80 % de l'énergie utilisée aujourd'hui dans le monde est encore d'origine fossile, c'est à dire issue du pétrole, du charbon et du gaz. Tandis que les pays occidentaux s'engagent tant bien que mal dans la transition énergétique pour fournir une électricité plus propre à leurs habitants - et limiter le réchauffement de la planète, les pays africains sont déjà bien plus loin.

10 Jui 2019    

 "L'Afrique va servir de modèle dans le monde entier. Nous avons besoin d'accès à l'énergie et au lieu d'aller vers des solutions fossiles, nous commençons directement avec des énergies renouvelables."

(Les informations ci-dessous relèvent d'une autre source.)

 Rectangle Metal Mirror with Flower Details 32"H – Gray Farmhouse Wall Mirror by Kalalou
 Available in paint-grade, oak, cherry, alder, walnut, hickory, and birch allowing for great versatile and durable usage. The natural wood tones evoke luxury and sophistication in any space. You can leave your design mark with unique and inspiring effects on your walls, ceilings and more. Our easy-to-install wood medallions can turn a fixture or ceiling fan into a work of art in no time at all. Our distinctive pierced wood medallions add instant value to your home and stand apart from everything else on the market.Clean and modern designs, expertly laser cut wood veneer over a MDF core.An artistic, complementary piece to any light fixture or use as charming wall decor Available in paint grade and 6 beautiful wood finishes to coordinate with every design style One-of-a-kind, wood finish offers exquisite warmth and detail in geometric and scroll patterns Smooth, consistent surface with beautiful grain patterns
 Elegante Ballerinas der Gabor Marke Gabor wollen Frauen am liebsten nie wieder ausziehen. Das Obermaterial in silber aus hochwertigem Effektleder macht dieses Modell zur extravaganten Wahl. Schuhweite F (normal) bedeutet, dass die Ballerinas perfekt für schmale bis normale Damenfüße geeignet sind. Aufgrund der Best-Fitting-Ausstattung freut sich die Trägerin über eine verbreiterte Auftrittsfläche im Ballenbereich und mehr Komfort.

Pour nous accompagner tout au long de cette émission, le Dr. Ibrahim Togola, fondateur du Mali Folkecenter qui contribue au développement des énergies renouvelables.

Dr. Ibrahim Togola, pionnier des énergies renouvelables au Mali

Dr. Ibrahim Togola, pionnier des énergies renouvelables au Mali

Un peu moins d'un milliard de personnes dans le monde n'ont pas accès à l'électricité", raconte-t-il, "600 millions sont en Afrique et cela représente 60% de la population africaine".

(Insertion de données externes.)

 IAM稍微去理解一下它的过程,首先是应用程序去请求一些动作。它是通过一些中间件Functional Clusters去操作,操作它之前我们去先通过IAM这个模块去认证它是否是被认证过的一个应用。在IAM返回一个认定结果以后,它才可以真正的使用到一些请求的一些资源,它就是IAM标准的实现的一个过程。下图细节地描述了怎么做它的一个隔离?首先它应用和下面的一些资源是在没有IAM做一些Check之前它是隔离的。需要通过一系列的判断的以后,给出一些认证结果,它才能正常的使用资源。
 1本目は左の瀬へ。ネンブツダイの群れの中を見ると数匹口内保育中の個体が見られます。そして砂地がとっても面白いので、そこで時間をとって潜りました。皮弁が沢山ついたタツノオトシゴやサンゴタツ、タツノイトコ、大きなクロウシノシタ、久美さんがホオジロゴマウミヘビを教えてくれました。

Le spécialiste en énergie souligne les disparités entre les pays, mais aussi entre zones urbaines et rurales. "La population de l'Afrique est encore essentiellement rurale et pour elle, le taux d'accès va de un à 20%. C'est ce qui explique aussi le manque d'opportunités pour les jeunes."

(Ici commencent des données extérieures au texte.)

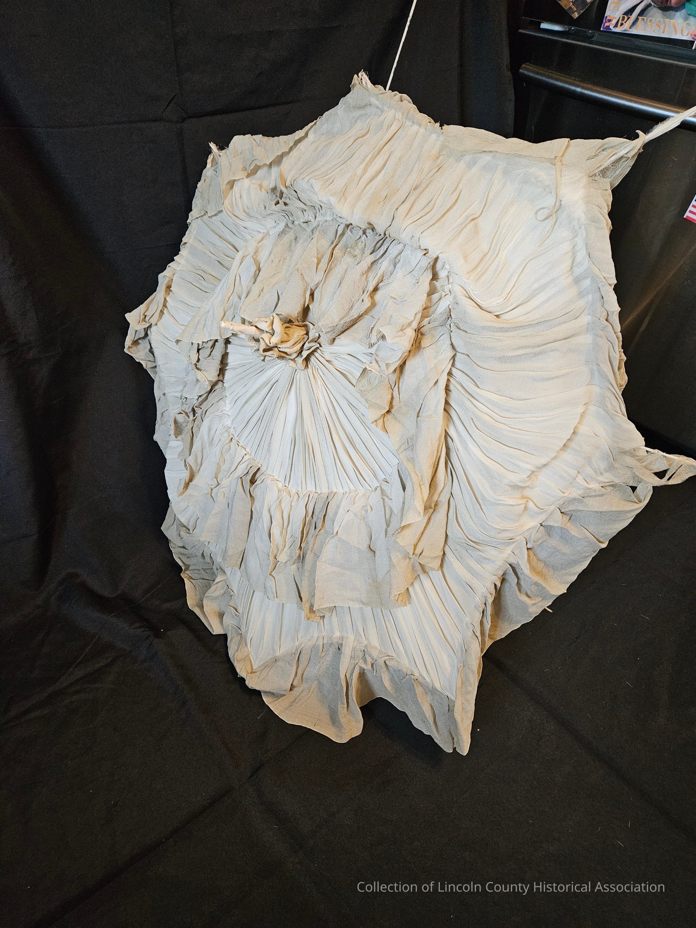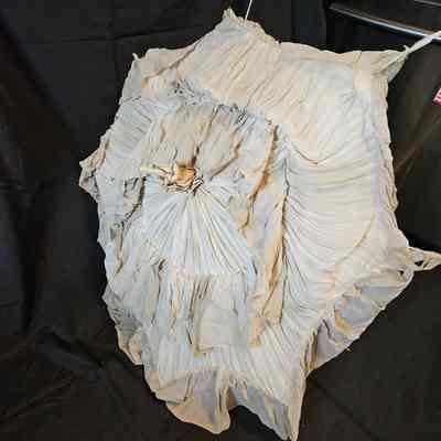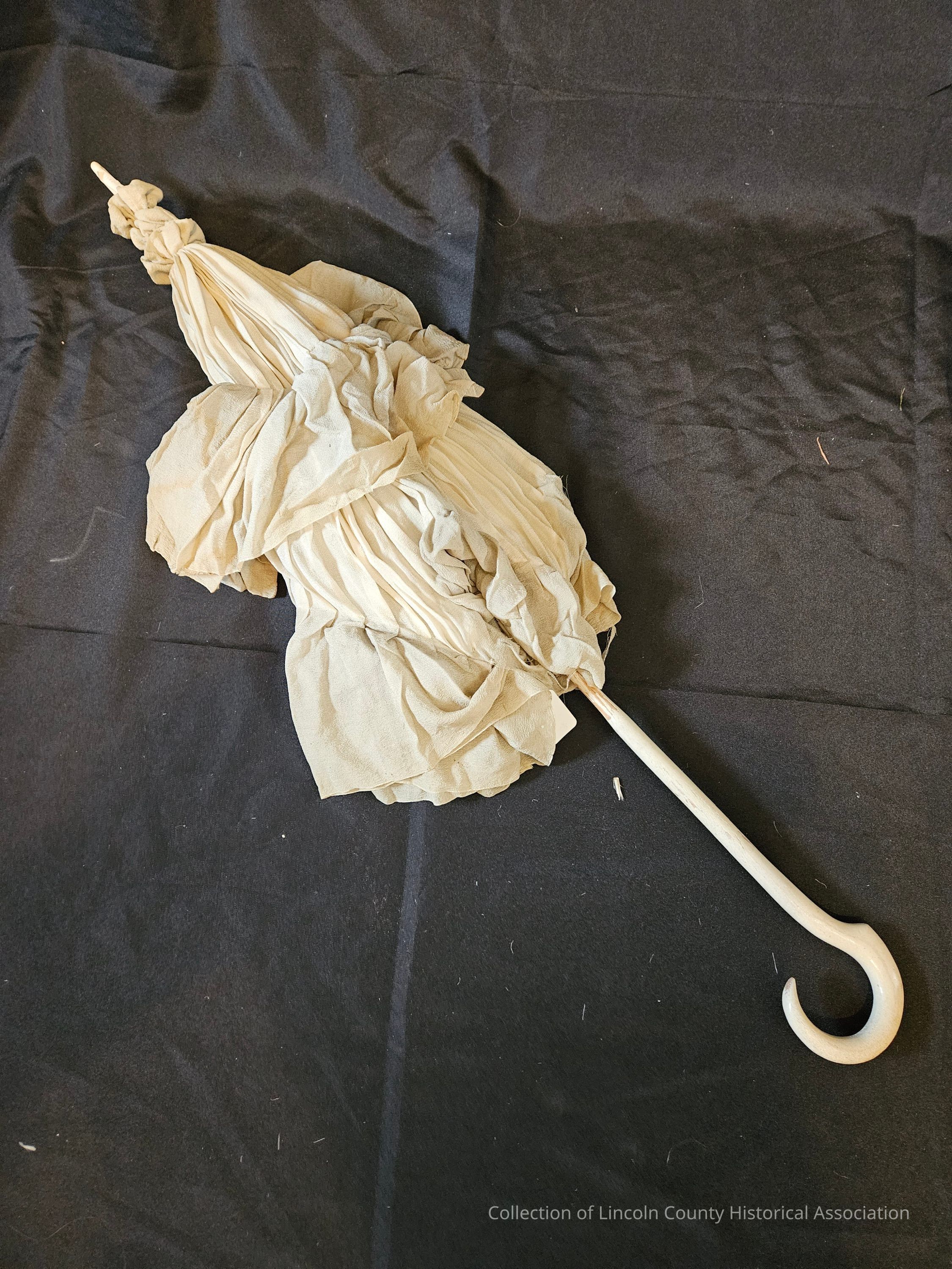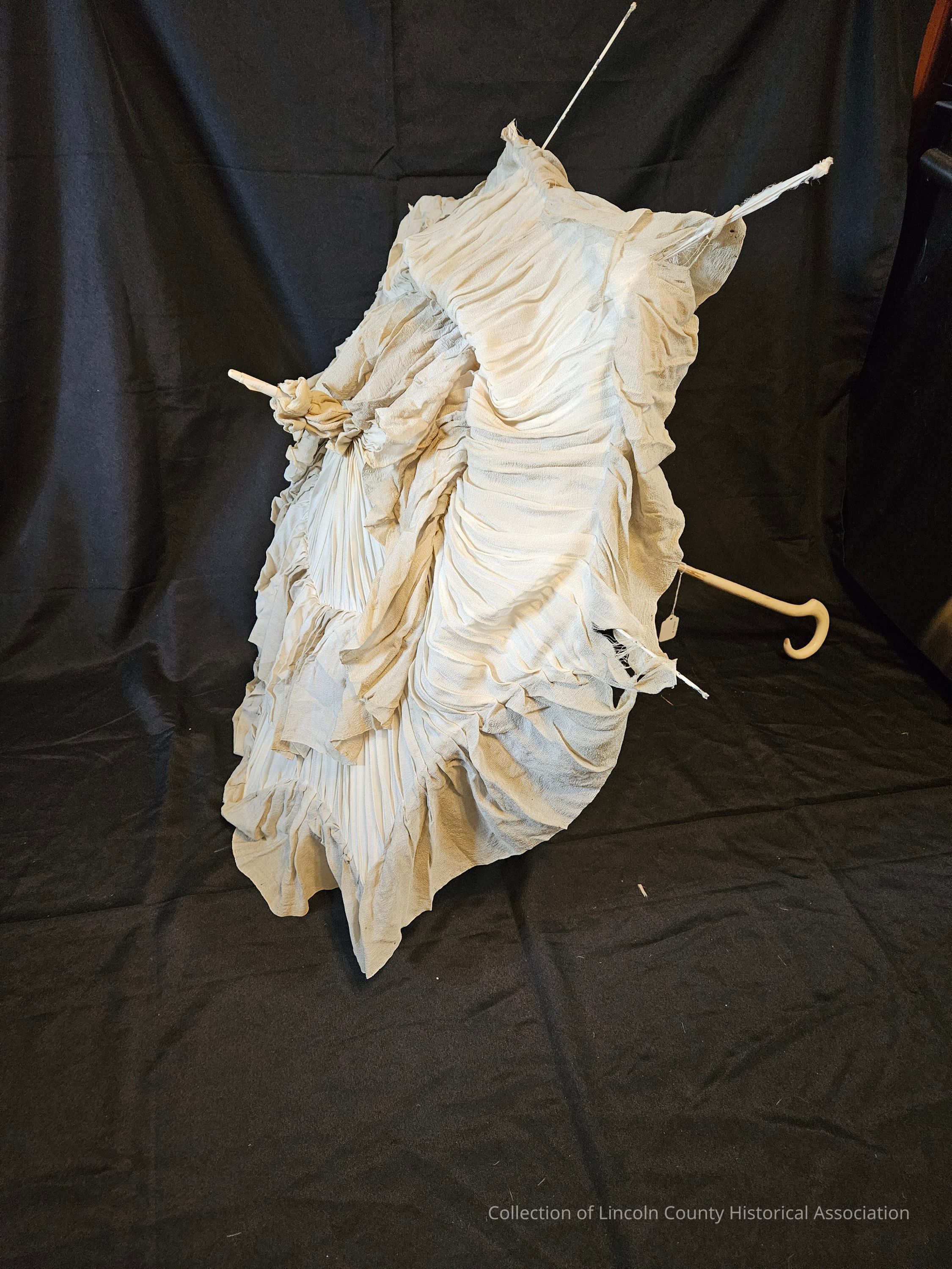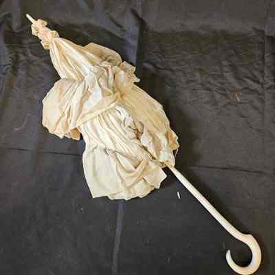 Cream colored pleated silk parasol/umbrella. Ruffles at center, bottom, and top of canopy. Wooden handle painted white, curved at the end. Metal ribs.Made/Created

Le courant électrique, une denrée rare en Guinée

Les zones rurales sont donc les plus mal loties, mais en ville aussi la fourniture d'électricité ne fonctionne pas comme elle le devrait. Exemple en Guinée où le courant électrique devient une denrée de plus en plus rare. Pourtant avec l'avènement des nouvelles technologies notamment de l'intelligence artificiel,  l'électricité devient une entitée cruciale pour le développement économique.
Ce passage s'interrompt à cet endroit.